> Directions
Write out nothing except the lines of the entries below, from the first through the one containing "(5)走進藏家藏文化體驗由領", exactly and without pictures.

> Data for review
* * *
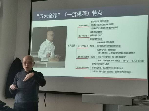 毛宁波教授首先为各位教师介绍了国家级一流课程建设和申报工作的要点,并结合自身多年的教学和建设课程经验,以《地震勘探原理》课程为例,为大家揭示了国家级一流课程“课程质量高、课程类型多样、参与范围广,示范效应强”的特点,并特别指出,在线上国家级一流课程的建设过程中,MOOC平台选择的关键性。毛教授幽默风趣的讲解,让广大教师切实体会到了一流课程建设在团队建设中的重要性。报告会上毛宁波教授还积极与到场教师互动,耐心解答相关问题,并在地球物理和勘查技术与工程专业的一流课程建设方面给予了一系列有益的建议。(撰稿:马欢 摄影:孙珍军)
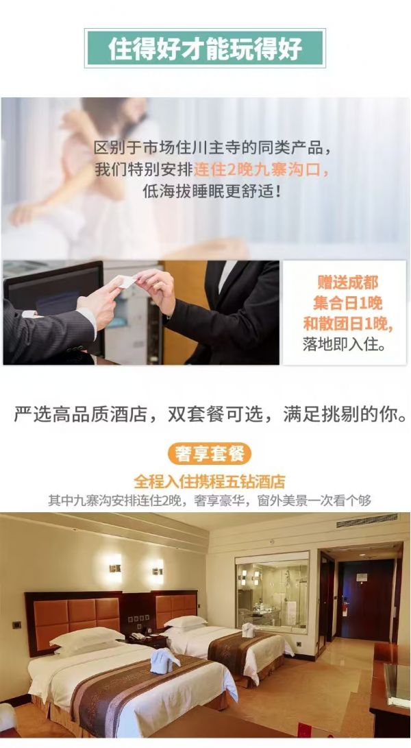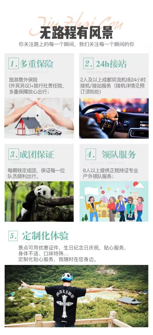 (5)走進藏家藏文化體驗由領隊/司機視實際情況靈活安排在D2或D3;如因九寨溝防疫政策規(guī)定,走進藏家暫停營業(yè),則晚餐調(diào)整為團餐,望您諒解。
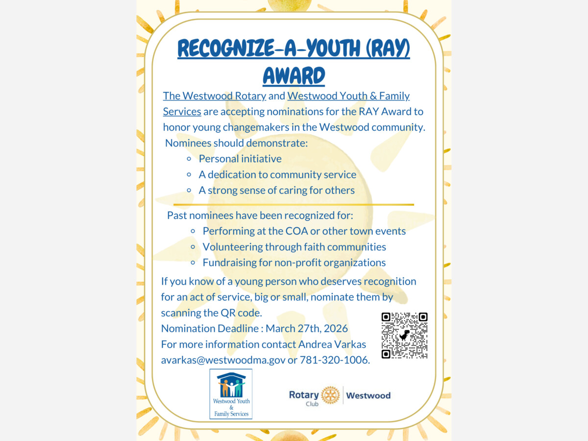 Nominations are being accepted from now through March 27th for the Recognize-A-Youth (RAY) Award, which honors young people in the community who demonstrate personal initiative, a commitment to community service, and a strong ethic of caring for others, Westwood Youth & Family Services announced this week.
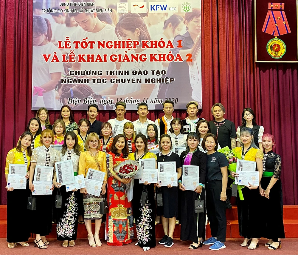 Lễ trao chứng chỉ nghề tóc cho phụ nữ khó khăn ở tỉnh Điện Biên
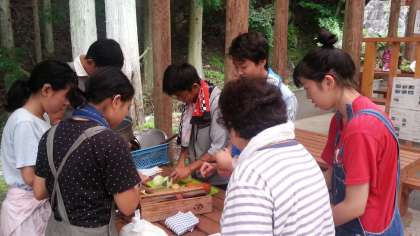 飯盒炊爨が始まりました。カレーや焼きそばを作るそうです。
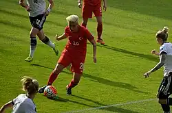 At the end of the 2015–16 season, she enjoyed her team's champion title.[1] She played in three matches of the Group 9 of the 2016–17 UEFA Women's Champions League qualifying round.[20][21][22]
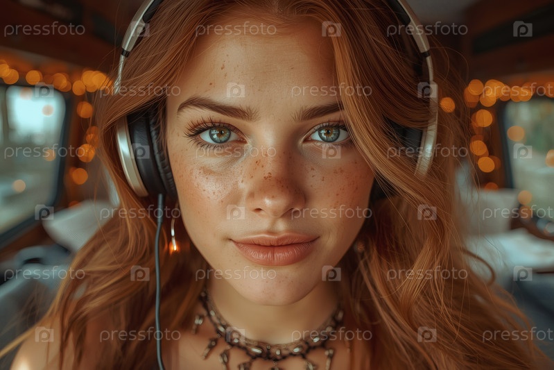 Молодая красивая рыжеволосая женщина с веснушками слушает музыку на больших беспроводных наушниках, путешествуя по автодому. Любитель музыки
* * *
> Answer
 毛宁波教授首先为各位教师介绍了国家级一流课程建设和申报工作的要点,并结合自身多年的教学和建设课程经验,以《地震勘探原理》课程为例,为大家揭示了国家级一流课程“课程质量高、课程类型多样、参与范围广,示范效应强”的特点,并特别指出,在线上国家级一流课程的建设过程中,MOOC平台选择的关键性。毛教授幽默风趣的讲解,让广大教师切实体会到了一流课程建设在团队建设中的重要性。报告会上毛宁波教授还积极与到场教师互动,耐心解答相关问题,并在地球物理和勘查技术与工程专业的一流课程建设方面给予了一系列有益的建议。(撰稿:马欢 摄影:孙珍军)
 (5)走進藏家藏文化體驗由領隊/司機視實際情況靈活安排在D2或D3;如因九寨溝防疫政策規(guī)定,走進藏家暫停營業(yè),則晚餐調(diào)整為團餐,望您諒解。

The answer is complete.